Task to complete: When the line with "- Pull out the" comes up, set it down and every later line to the end of the data, exactly and without pictures.

Stored data:
Content starts

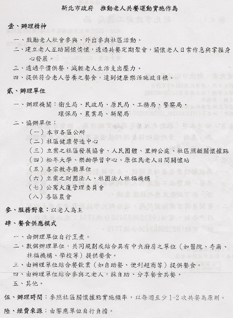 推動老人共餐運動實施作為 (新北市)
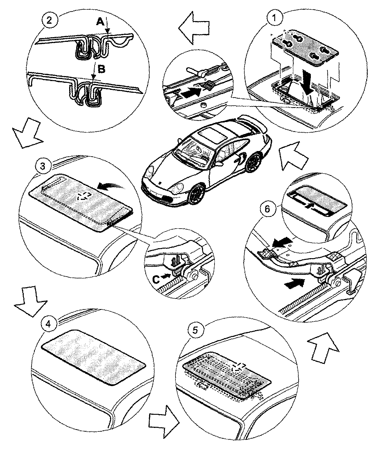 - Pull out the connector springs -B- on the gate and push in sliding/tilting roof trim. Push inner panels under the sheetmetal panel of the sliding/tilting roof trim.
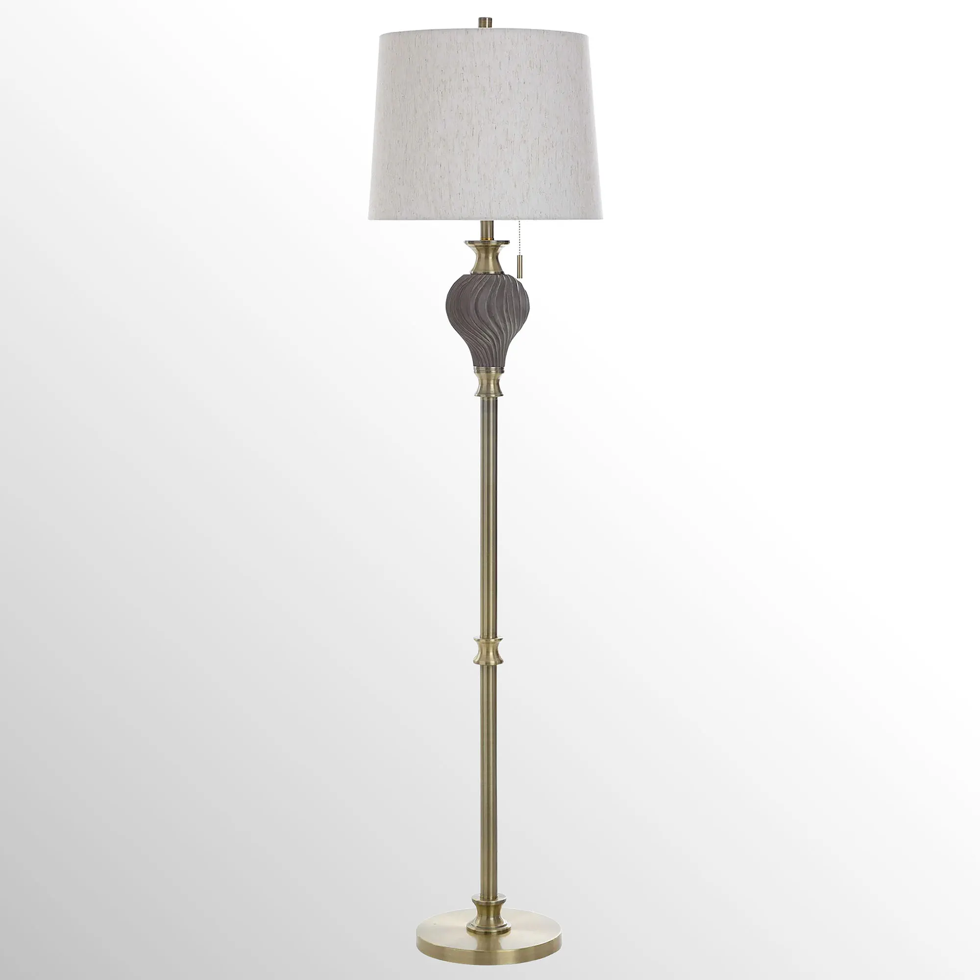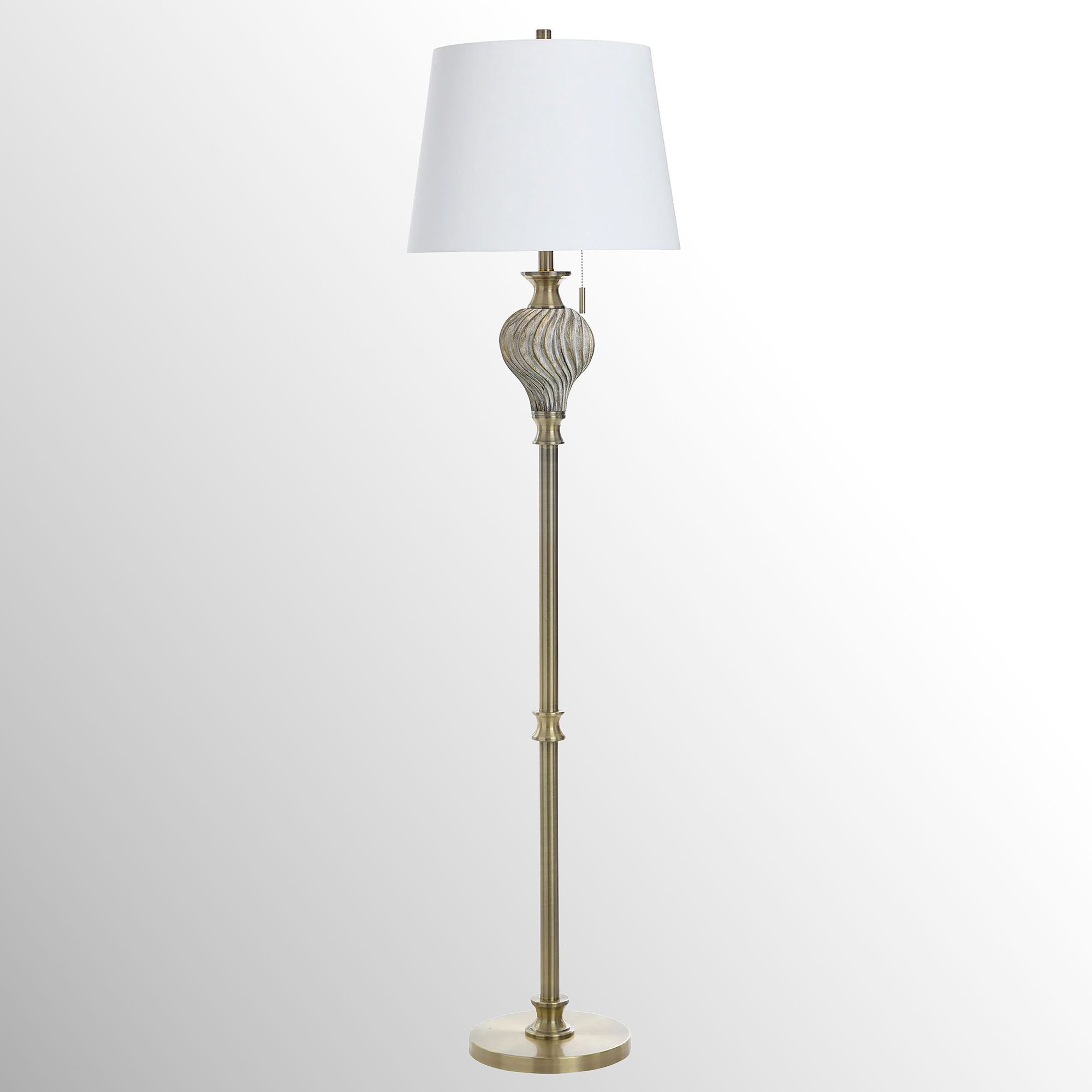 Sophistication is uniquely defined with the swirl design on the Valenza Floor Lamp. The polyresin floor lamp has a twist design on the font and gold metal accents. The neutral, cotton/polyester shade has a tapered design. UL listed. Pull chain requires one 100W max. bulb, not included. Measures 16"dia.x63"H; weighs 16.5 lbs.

Content ends

Solution below:
 - Pull out the connector springs -B- on the gate and push in sliding/tilting roof trim. Push inner panels under the sheetmetal panel of the sliding/tilting roof trim.
 Sophistication is uniquely defined with the swirl design on the Valenza Floor Lamp. The polyresin floor lamp has a twist design on the font and gold metal accents. The neutral, cotton/polyester shade has a tapered design. UL listed. Pull chain requires one 100W max. bulb, not included. Measures 16"dia.x63"H; weighs 16.5 lbs.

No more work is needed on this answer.